**Your goal:** Starting with the line that has "انگشتر با سنگ" and finishing with the line that has "1 1/8 ctw Round", set down each line below exactly. Pictures are not copied.

**Data to use:**
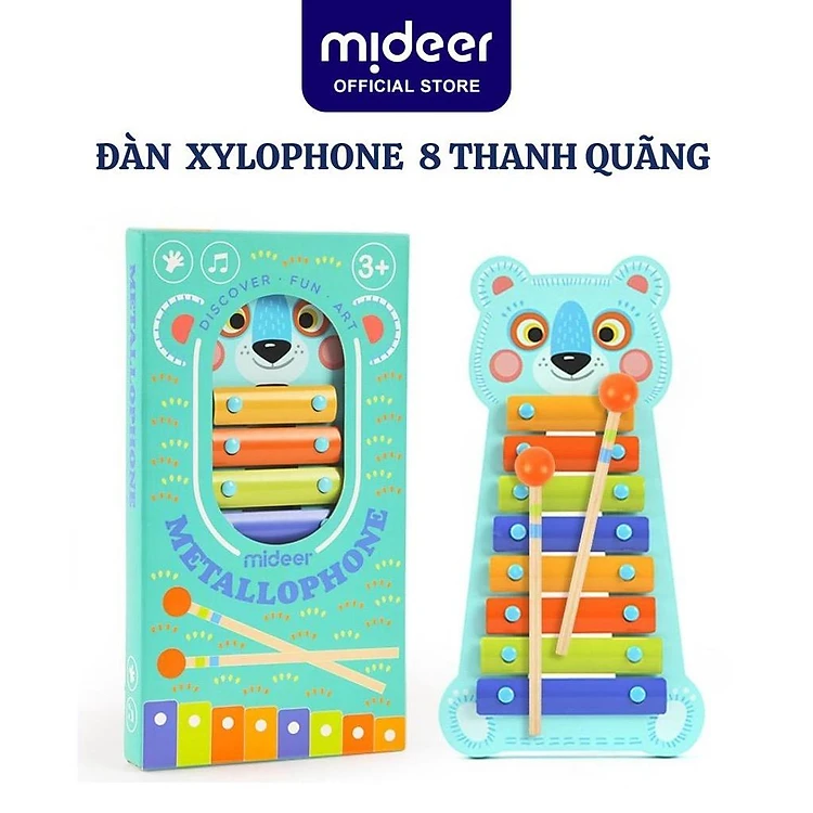 Đàn Xylophone Mideer bao gồm 1 thân đàn, 2 chiếc vồ ( dụng cụ chơi đàn)
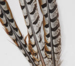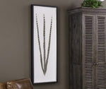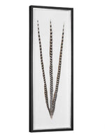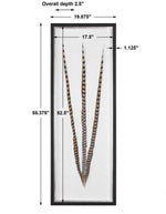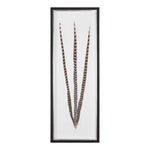 Featuring a spray of natural pheasant feathers in tones of brown and black placed atop an antique white canvas background. This display is showcased in a shadow box frame made of pine wood with a soft black finish and contrasting silver leaf inner edge. Artwork is under glass.
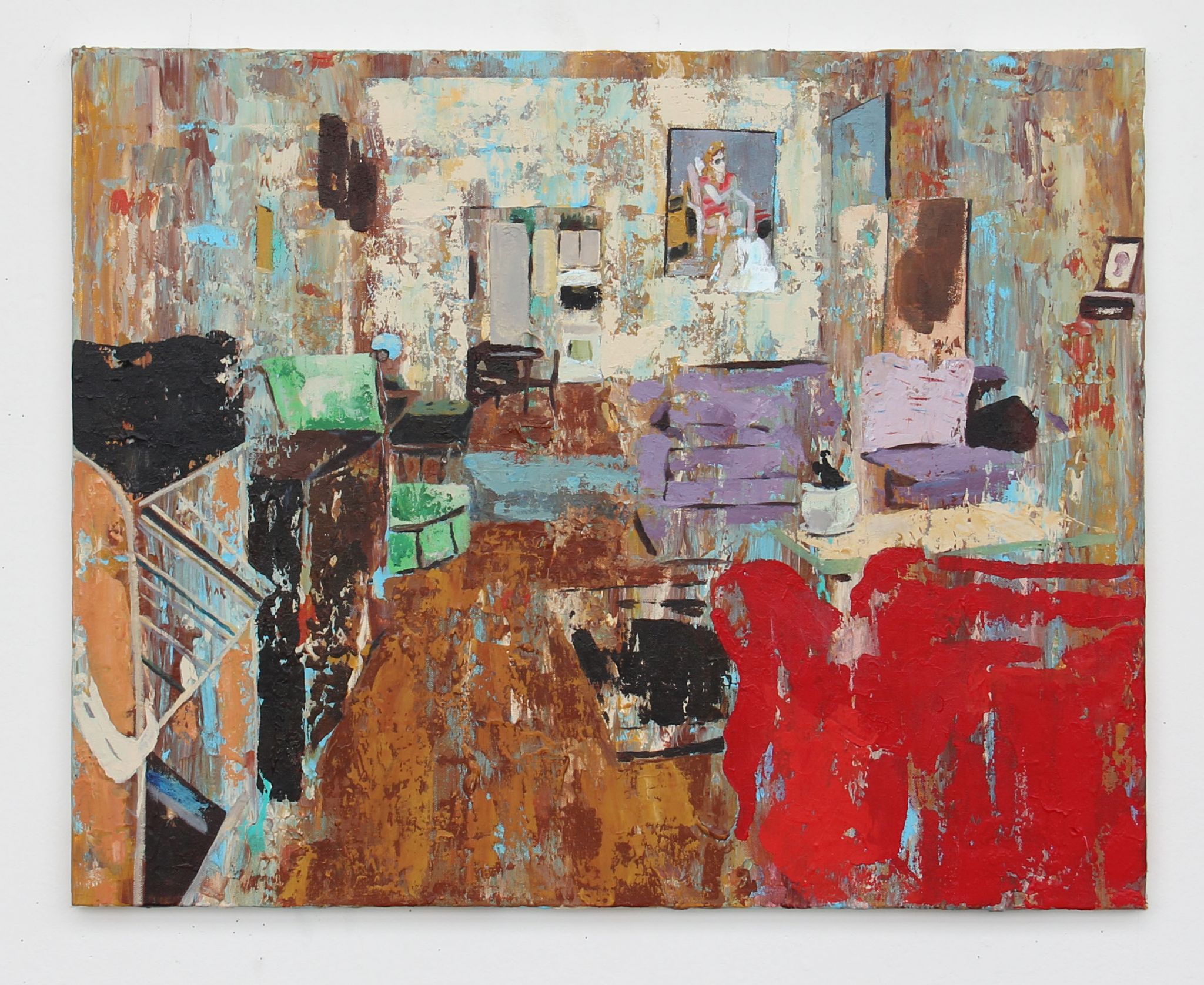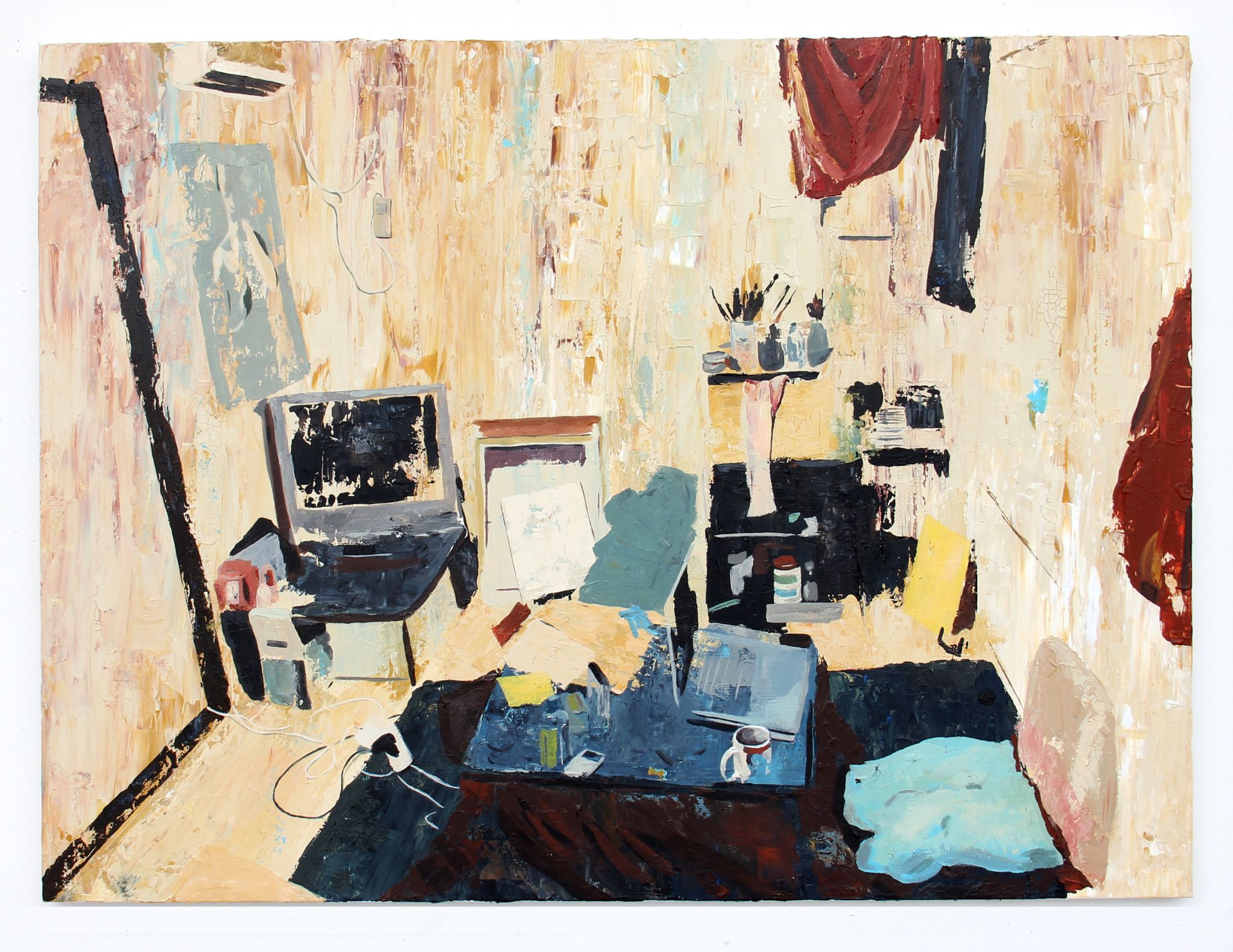 With some of my newest works, I’m directing this curiosity toward making descriptive interior spaces. I capture the portraits of my subjects obliquely by depicting the spaces they inhabit. I’m working a lot with memory and like memory my portraits aren’t always clear. I accept distortion as being an important part of any memory and allow that to show.
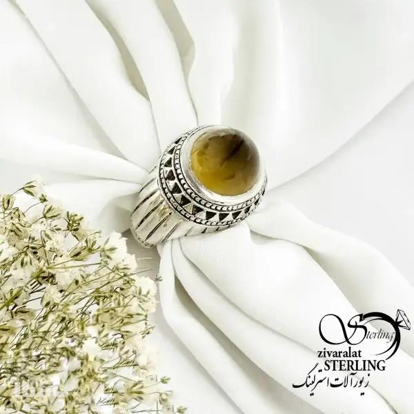 انگشتر با سنگ عقیق جزع ذکر دار نقره ایتالیا رکاب دستساز کد 20207
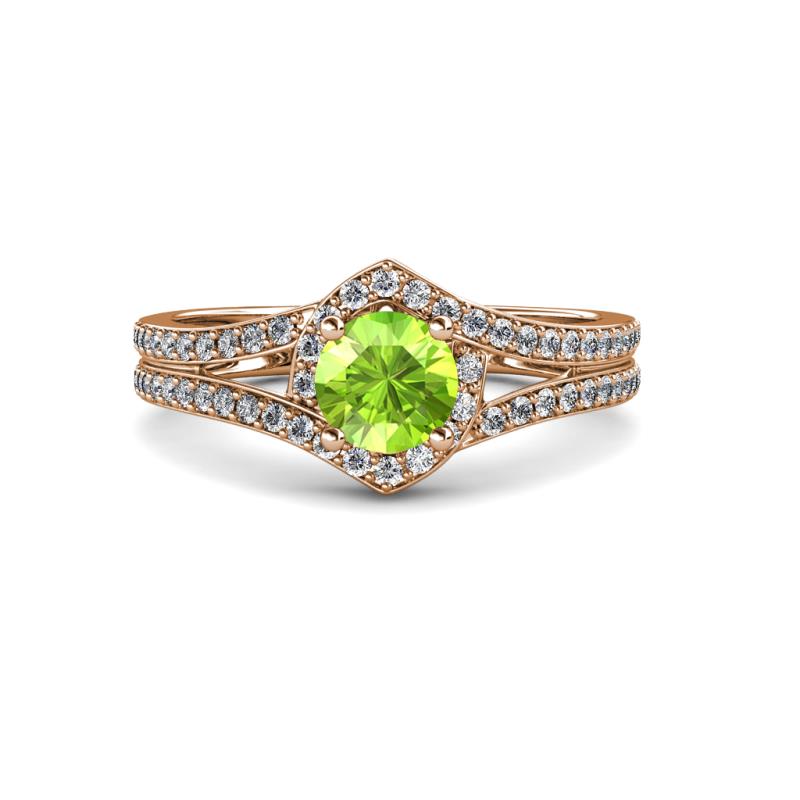 1 1/8 ctw Round Peridot and Diamond Split Shank Womens Engagement Ring 14K Rose Gold More Details ...
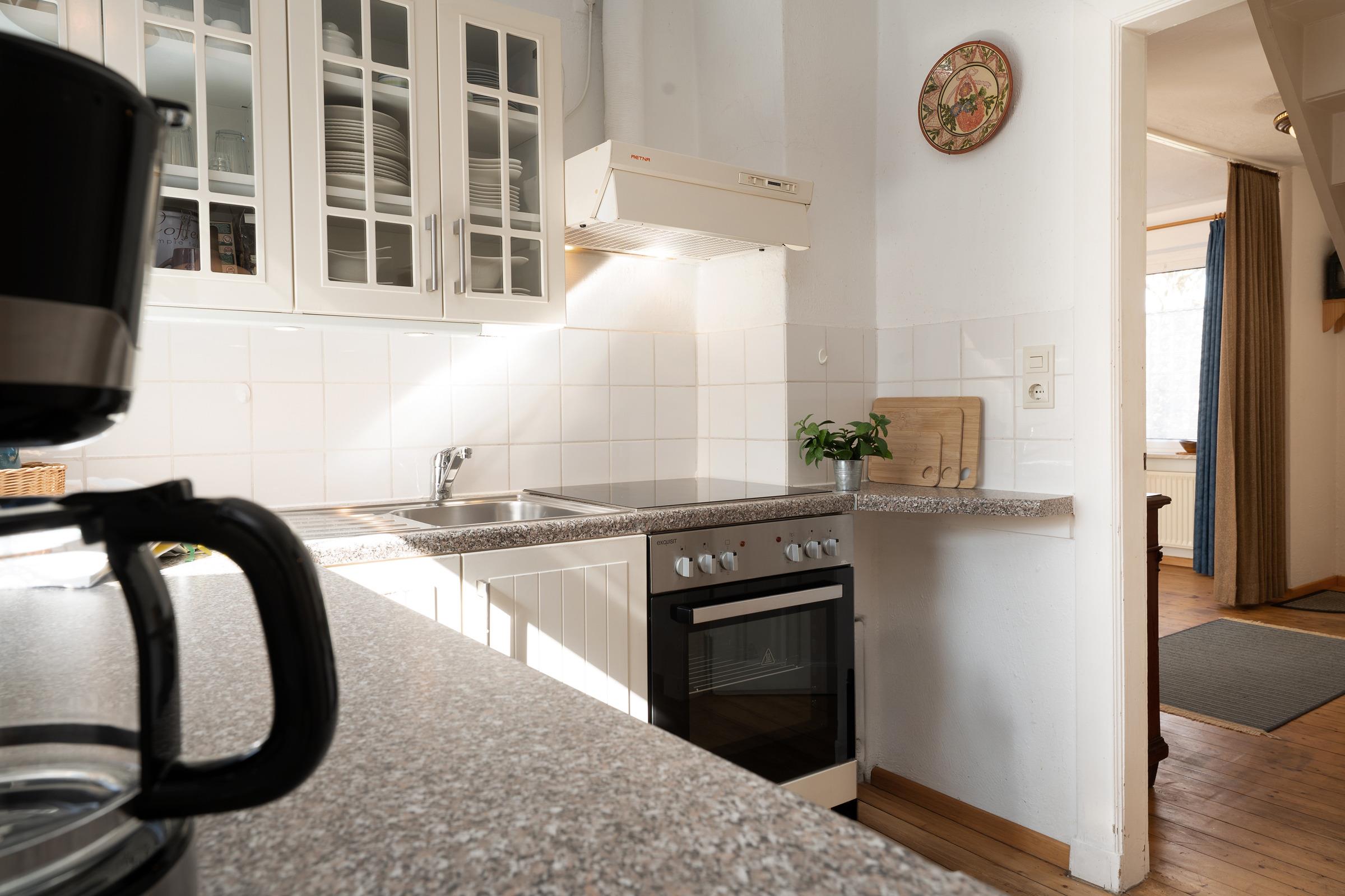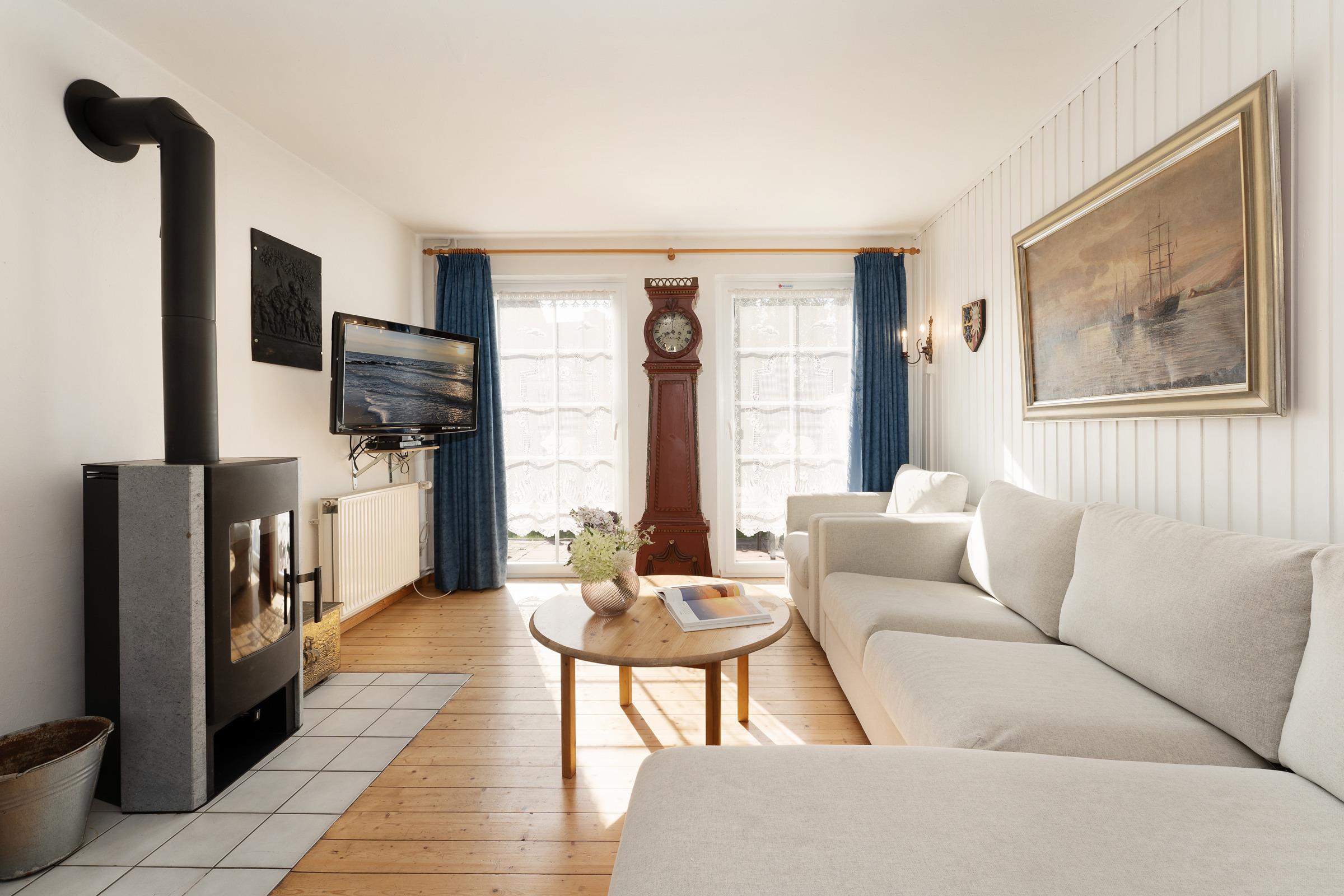 Die Doppelhaushälfte Seepferdchen ist mit viel Liebe zum Detail und antiken Möbeln eingerichtet. Freuen Sie sich auf ein gemütliches Wohnzimmer mit Sitzecke, TV-Gerät und Kaminofen. Die Küche ist gut ausgestattet und ermöglicht eine angenehme Selbstversorgung. Insgesamt gibt es drei Schlafzimmer, eins mit Doppelbett, eins mit französischem Bett und eins mit einem Einzelbett. Das großzügige Duschbad hat Tageslicht und ist hell gefliest. Zeit im Freien können Sie auf der Terrasse mit umzäunten Garten verbringen. Ein Grill ist vorhanden.
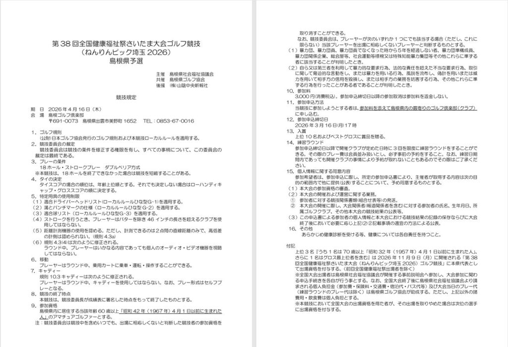 「第38回 全国健康福祉祭さいたま大会ゴルフ競技(ねんりんピック埼玉2026)島根県予選」のご案内
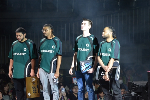 FlyQuestは続く中堅戦で,ChrisCCH選手のエドを投入する。1戦目はぷげら選手がストレートで勝利するも,2戦目以降はラウンドを重ねるごとにChrisCCH選手の置いた打撃や差し返しの成功率が上がり,逆転勝利に成功する。これでFlyQuestはPunk選手が勝てば優勝という状況を作り出した。
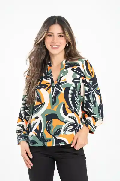 En Tejido Plano Estampado Cuello Nerú Detalle de Perilla Sin Botones en el Escote Delantero Manga 3/4 Con Recogido Parejo y Suave en Hombro Puño en Ruedo Con Botón de Pasta 18 L Espalda Lisa Aberturas de 6 cm a Lado y Lado Del Ruedo.
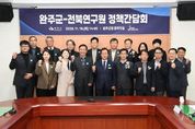 뉴한국방송뉴스통신사 김성의 기자 | 완주군과 전북 싱크탱크인 전북연구원이 18일 오후 완주군청에서 유 군수와 장 원장대행을 포함한 주요 관계자 20여 명이 참석한 가운데 ‘완주군-전북연구원 정책간담회’를 열었다. 이번 간담회는 완주군의 주요 현안사업을 전북연구원과 함께 논의하며 최적의 대응 방안을 모색하기 위해 마련됐다. 이날 주요 안건은 ▲피지컬AI 산업 육성 및 활성화 전략 ▲피지컬 AI 및 2차 공공기관 이전 부지 입지 검토 ▲경관조성을 통한 관광·축제 활성화 방안 ▲완주군 외국인 정책 운영 방향 등으로 양 기관은 안건별 주요 쟁점, 대응 방향 및 계획 등에 대해 심도 있는 토론을 진행했다. 유희태 군수는 “이번 간담회는 군과 연구원의 상시 협력체계를 더욱 공고히 할 수 있는 기회”라며, “피지컬 AI와 관광·축제 활성화 등 군정 주요 현안 대응과 신성장 동력 발굴 등을 위해 앞으로도 전북연구원과 긴밀히 소통하며 협력해 나가겠다”고 말했다. 장성화 대행은 “완주군은 전북 신산업 발전을 선도하는 전진기지”라고 말하며, “완주군이 전북 경제의 중심도시로 도약할 수 있도록 적극적으로 지원하고 기관

**Answer to this task:**
 انگشتر با سنگ عقیق جزع ذکر دار نقره ایتالیا رکاب دستساز کد 20207
 1 1/8 ctw Round Peridot and Diamond Split Shank Womens Engagement Ring 14K Rose Gold More Details ...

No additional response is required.